Information provided:
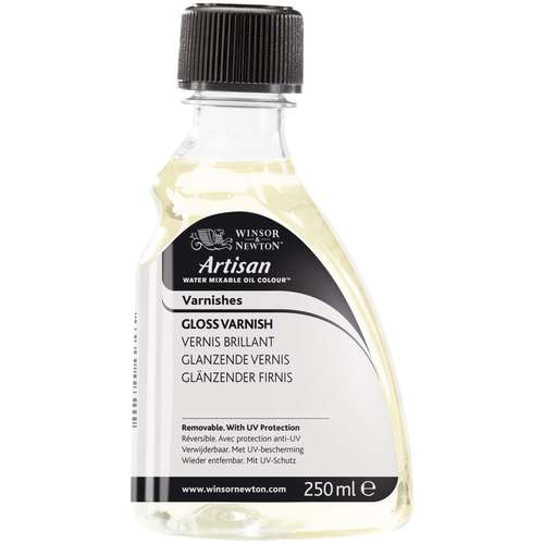 Vernice lucida Artisan Winsor & Newton a base d’acqua senza solventi nocivi. Proteggono i dipinti finiti dalla sporcizia e dall’unto e una volta essiccata possono essere rimosse con lo sverniciatore Artisan. Disponibile in pratici flaconi da 75 ml, con etichetta in tedesco/frances...
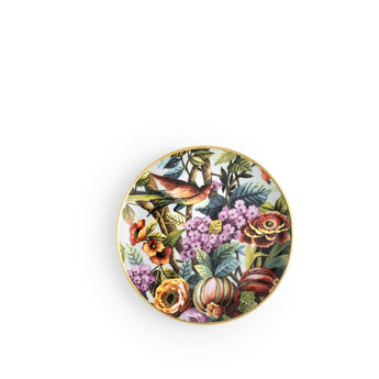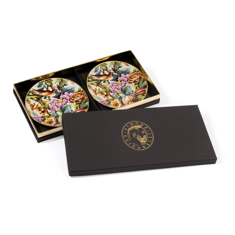 The collection of porcelain plates and accessories Exotic Jungle is presented inside an elegant padded gift box and finished with border, logo by Simone Guidarelli and printed gold details.
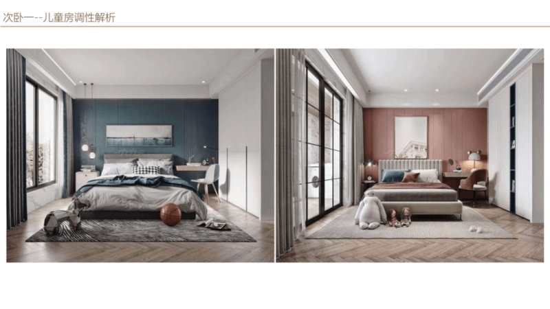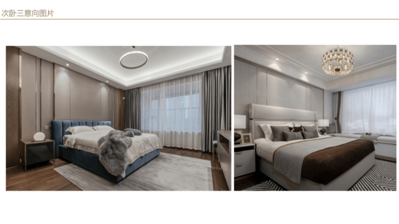 主臥做套房設計,作為業(yè)主的私人活動空間,起居打扮在這里都能完成。另外三間臥室作為兒童房、長輩房和客房,房間以簡約為主,按照房間定性進行規(guī)劃。
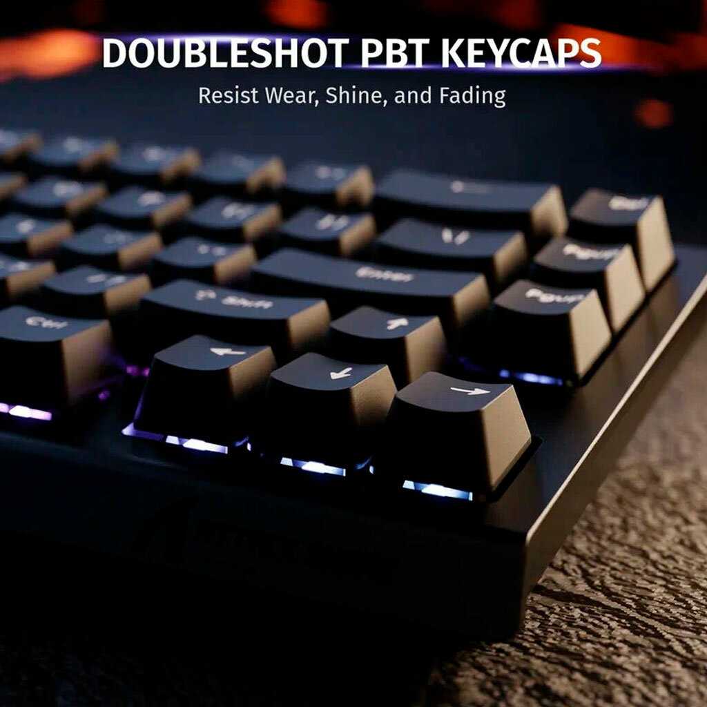 - Кейкапы из тонкого PBT-пластика с двойным литьем имеют непрозрачные стенки, что полностью блокирует прохождение светодиодной подсветки через символы, кроме английской гравировки.
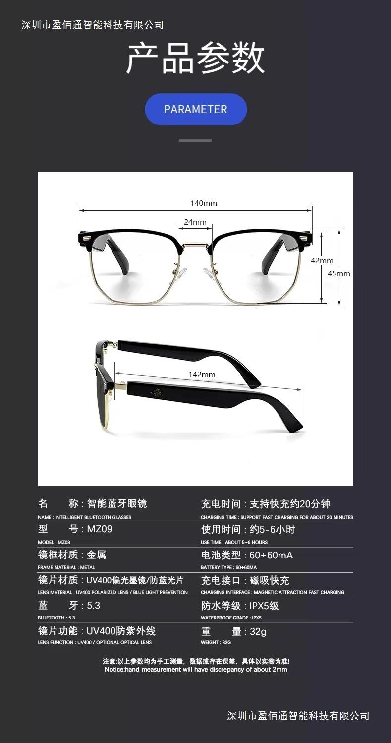 Lentes Inteligentes MZ09 Lentes Bluetooth Anti-ultravioleta Gafas de Sol Polarizadas Antirradiación Luz Azul Escuchar Canciones Llamada Navegación
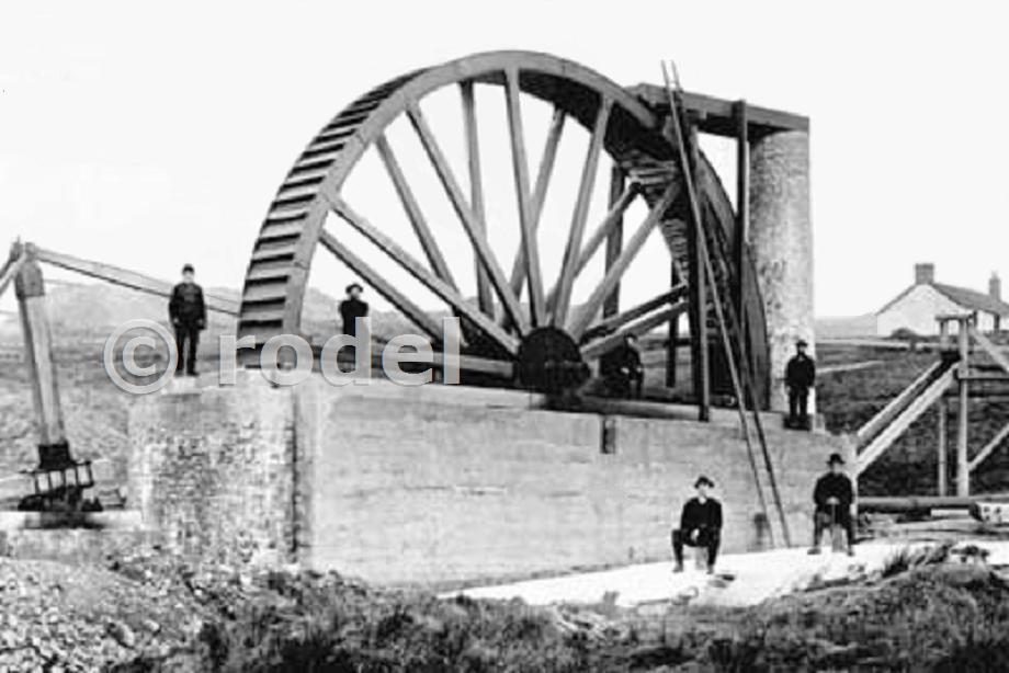 The construction of the wheel at Greenhurth circa 1880 with the managers house and the flat rod system behind. A wheel of this size (40ft dia ?) was necessary to operate the flat rod system which had to travel up the side of the valley to the pumps in the newly sunk Swan's shaft 500yds away.
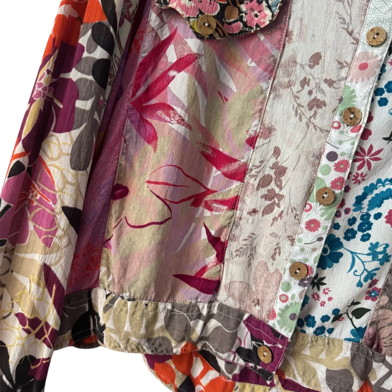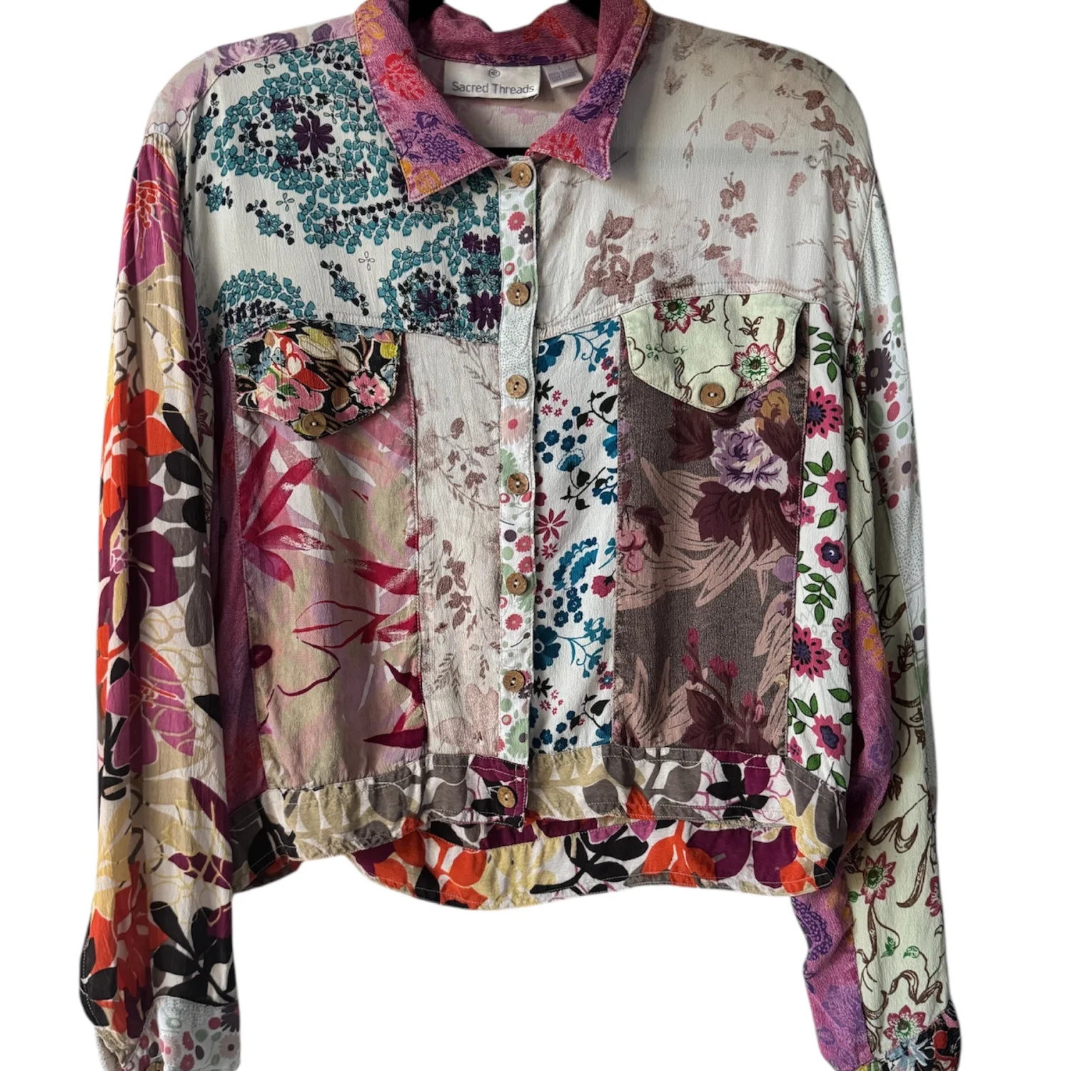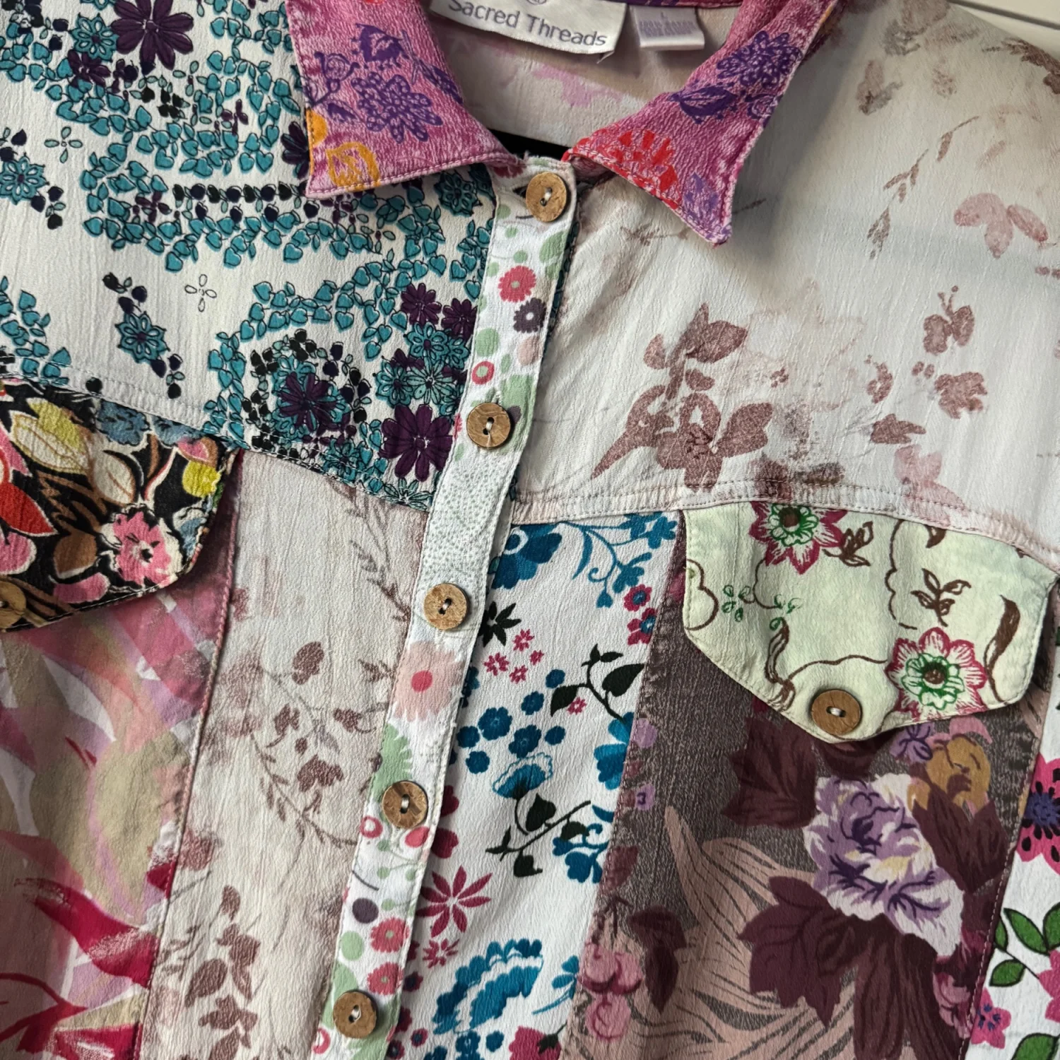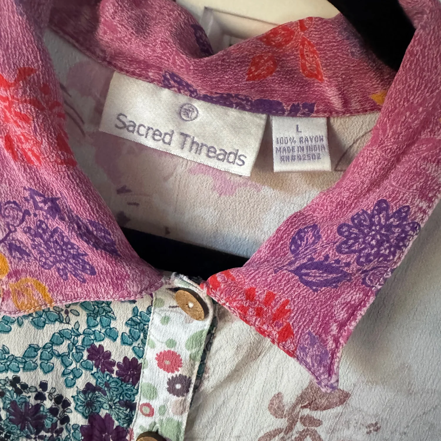 Vintage Sacred Threads Boho Floral Patchwork Top, size L
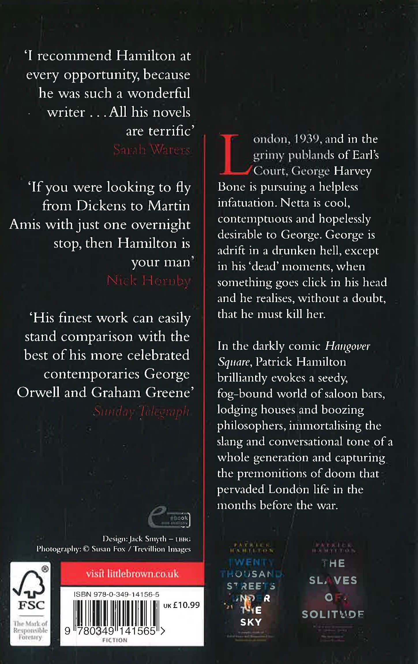 London, 1939, and in the grimy publands of Earls Court, George Harvey Bone is pursuing a helpless infatuation. Netta is cool, contemptuous and hopelessly desirable to George. George is adrift in a drunken hell, except in his 'dead' moments, when something goes click in his head and he realises, without a doubt, that he must kill her. In the darkly comic Hangover Square Patrick Hamilton brilliantly evokes a seedy, fog-bound world of saloon bars, lodging houses and boozing philosophers, immortalising the slang and conversational tone of a whole generation and capturing the premonitions of doom that pervaded London life in the months before the war.

Activity: Only the lines from the one with "Vintage Sacred Threads" through the last line of the records above are wanted, copied exactly and with pictures omitted.

Result of this exercise:
 Vintage Sacred Threads Boho Floral Patchwork Top, size L
 London, 1939, and in the grimy publands of Earls Court, George Harvey Bone is pursuing a helpless infatuation. Netta is cool, contemptuous and hopelessly desirable to George. George is adrift in a drunken hell, except in his 'dead' moments, when something goes click in his head and he realises, without a doubt, that he must kill her. In the darkly comic Hangover Square Patrick Hamilton brilliantly evokes a seedy, fog-bound world of saloon bars, lodging houses and boozing philosophers, immortalising the slang and conversational tone of a whole generation and capturing the premonitions of doom that pervaded London life in the months before the war.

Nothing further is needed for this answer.